_BRIEF_
Reproduce exactly, with no pictures, each line from the opening of the material down through the line containing "The aerial view".

_INFORMATION SHOWN_
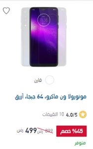 - تسوق بخصم 50% من اكسترا السعودية – جوال موتورولا ون ماكرو -يتميز الهاتف بخصائص تقنية عالية مثل ماسح البصمة بالاضافة الى بطارية 4000 مل أمبير و شبكة الاتصال الجيل الرابع و حجم شاشة 6.2 بوصة و معالج ثماني النواة و كاميرا امامية 8MP و كاميرا خلفية 13 + 2+ 2 ميجابيكسل و الهاتف يدعم شريحتين بمظهر انيق باللون الازرق ، الهاتف بسعر 499 ريال سعودى بدلا من 899 ريال سعودى و خصم 50% .
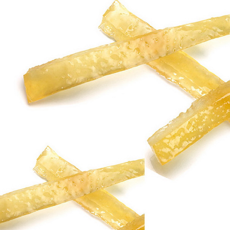Bastones rectos de piel de limón confitados,de 74ºBrix, calibrados en 6-7 cm de largo, de color amarillo, textura firme y sabor dulce, característico del producto. Certif. Kosher.
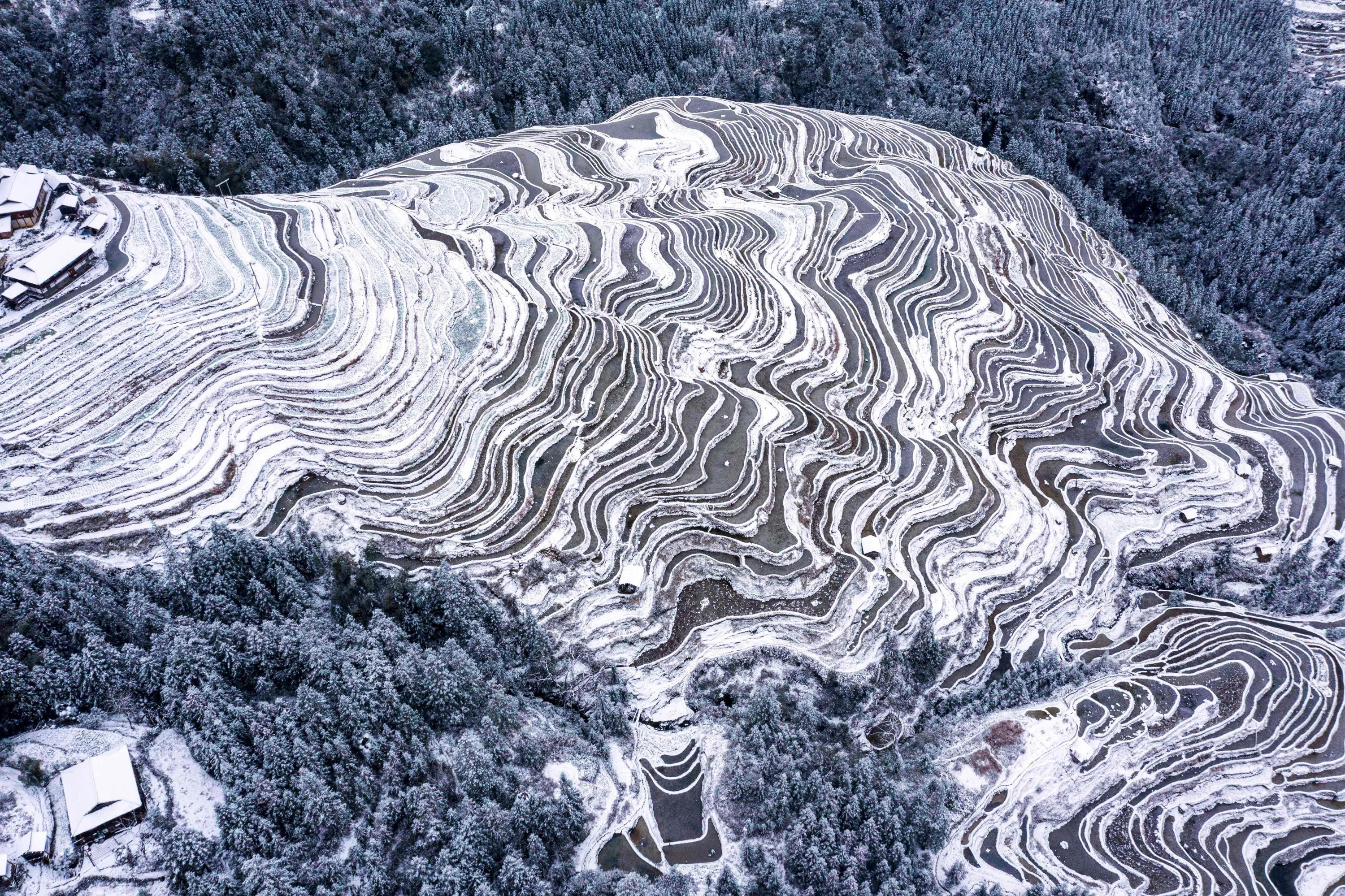 The aerial view shows snow-covered terraced fields and houses in Congjiang county, in China's southwestern Guizhou province on January 22, 2024. (Photo by AFP Photo/China Stringer Network)
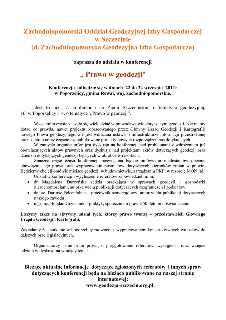 Zachodniopomorski Oddział Geodezyjnej Izby Gospodarczej w Szczecinie (d. Zachodniopomorska Geodezyjna Izba Gospodarcza) zaprasza do udziału w konferencji „ Prawo w geodezji" Konferencja odbędzie się w dniach 22 do 24 września 2011r. w Pogorzelicy, gmina Rewal, woj. zachodniopomorskie. Jest to już 17. konferencja na Ziemi Szczecińskiej o tematyce geodezyjnej, 16. w Pogorzelicy i 4. o tematyce „Prawo w geodezji”. W ostatnim czasie zaczęło się wiele dziać w prawodawstwie dotyczącym geodezji. Nie mamy dotąd co prawda, nawet projektu (opracowanego przez Główny Urząd Geodezji i Kartografii) nowego Prawa geodezyjnego, ale jest wdrażana ustawa o infrastrukturze informacji przestrzennej oraz ostatnio coraz częściej są publikowane projekty nowych rozporządzeń nas dotykających. W zamyśle organizatorów jest dyskusja na konferencji nad problemami z wdrożeniem już obowiązujących aktów prawnych oraz dyskusja nad projektami aktów dotyczących geodezji oraz dziedzin dotykających geodezji będących w obróbce w resortach. Znaczna część czasu konferencji poświęcona będzie omówieniu niedostatków obecnie obowiązującego prawa oraz wypracowaniu postulatów dotyczących kierunków zmian w prawie. Będziemy chcieli omówić miejsce geodezji w budownictwie, zarządzaniu PKP, w resorcie MON itd. Udział w konferencji i wygłoszenie referatów zapowiedzieli m.in. • dr Magdalena Durzyńska sędzia orzekająca w sprawach geodezji i gospodarki nieruchomościami, autorka wielu publikacji dotyczących rozgraniczeń i podziałów, • dr inż. Dariusz Felcenloben – pracownik samorządowy, autor wielu publikacji dotyczących naszego zawodu • mgr inż. Bogdan Grzechnik – praktyk, społecznik o prawie 50. letnim doświadczeniu Liczymy także na aktywny udział tych, którzy prawo tworzą – przedstawicieli Głównego Urzędu Geodezji i Kartografii. Zakładamy że spotkanie w Pogorzelicy zaowocuje wypracowaniem konstruktywnych wniosków do dalszych prac legislacyjnych. Organizatorzy seminarium proszą o przygotowanie referatów, wystąpień udziału w dyskusji na wiodący temat. oraz wzięcie Bieżące aktualne informacje dotyczące zgłoszonych referatów i innych spraw dotyczących konferencji będą na bieżąco publikowane na naszej stronie internatowej: www.geodezja-szczecin.org.pl Uzgodnione z organizatorami referaty dostarczone organizatorom do dnia 30.08.2010r. zostaną umieszczone w materiałach konferencji /plik Word, czcionka Times New Roman- 12, marginesy – standard, pojemność do 20 000 znaków, druk bezpośrednio z dostarczonych materiałów. Informacje dotyczące warunków udziału w konferencji. Pobyt z miejscem w pokoju dwuosobowym 990 zł, w pokoju jednoosobowym 1250 zł , od osoby przy zgłoszeniach i wpłatach do 15 sierpnia 2011r. Po tym terminie odpowiednio 1090 zł i 1350 zł. Opłata obejmuje wszystkie koszty związane z udziałem w konferencji: materiały, zakwaterowanie, posiłki - od kolacji w dniu 21 września do śniadania w dniu 24 września 2011r., i udział w uroczystej kolacji w dniu 23.09 oraz zamówioną przez organizatorów dobrą pogodę. Firmom komercyjnym oferujemy tradycyjnie powierzchnię wystawienniczą , koszt 2500 zł +VAT. Opłata obejmuje udostępnienie powierzchni wystawienniczej oraz możliwość 20 min. prezentacji w czasie obrad. Powierzchnia handlowa wg uzgodnień indywidualnych.. Miejsce konferencji (uwaga ! – zmiana) : Kompleks Wczasowy SANDRA SPA www.sandra.ta.pl Pogorzelica ul. Wojska Polskiego 3 72-350 Niechorze tel. 91 4814700 Zgłoszenia prosimy przesyłać na adres: Zachodniopomorska Geodezyjna Izba Gospodarcza ul. 5 Lipca 22/1 70-376 Szczecin e-mail: [email protected] faks 914846657 lub drukiem zgłoszenia na stronie: www.geodezja-szczecin.org.pl Wpłaty należy dokonywać na konto: Zachodniopomorska Geodezyjna Izba Gospodarcza ul. 5 Lipca 22/1 70-376 Szczecin Bank VW Bank direct., Nr rach. 53 2130 0004 2001 0248 0192 0001 z dopiskiem "Konferencja......osoby" Aktualne informacje można uzyskać: tel.: 914840957, 914846657 tel. kom. Sławomir Leszko 509513514

_RESPONSE_
 - تسوق بخصم 50% من اكسترا السعودية – جوال موتورولا ون ماكرو -يتميز الهاتف بخصائص تقنية عالية مثل ماسح البصمة بالاضافة الى بطارية 4000 مل أمبير و شبكة الاتصال الجيل الرابع و حجم شاشة 6.2 بوصة و معالج ثماني النواة و كاميرا امامية 8MP و كاميرا خلفية 13 + 2+ 2 ميجابيكسل و الهاتف يدعم شريحتين بمظهر انيق باللون الازرق ، الهاتف بسعر 499 ريال سعودى بدلا من 899 ريال سعودى و خصم 50% .
Bastones rectos de piel de limón confitados,de 74ºBrix, calibrados en 6-7 cm de largo, de color amarillo, textura firme y sabor dulce, característico del producto. Certif. Kosher.
 The aerial view shows snow-covered terraced fields and houses in Congjiang county, in China's southwestern Guizhou province on January 22, 2024. (Photo by AFP Photo/China Stringer Network)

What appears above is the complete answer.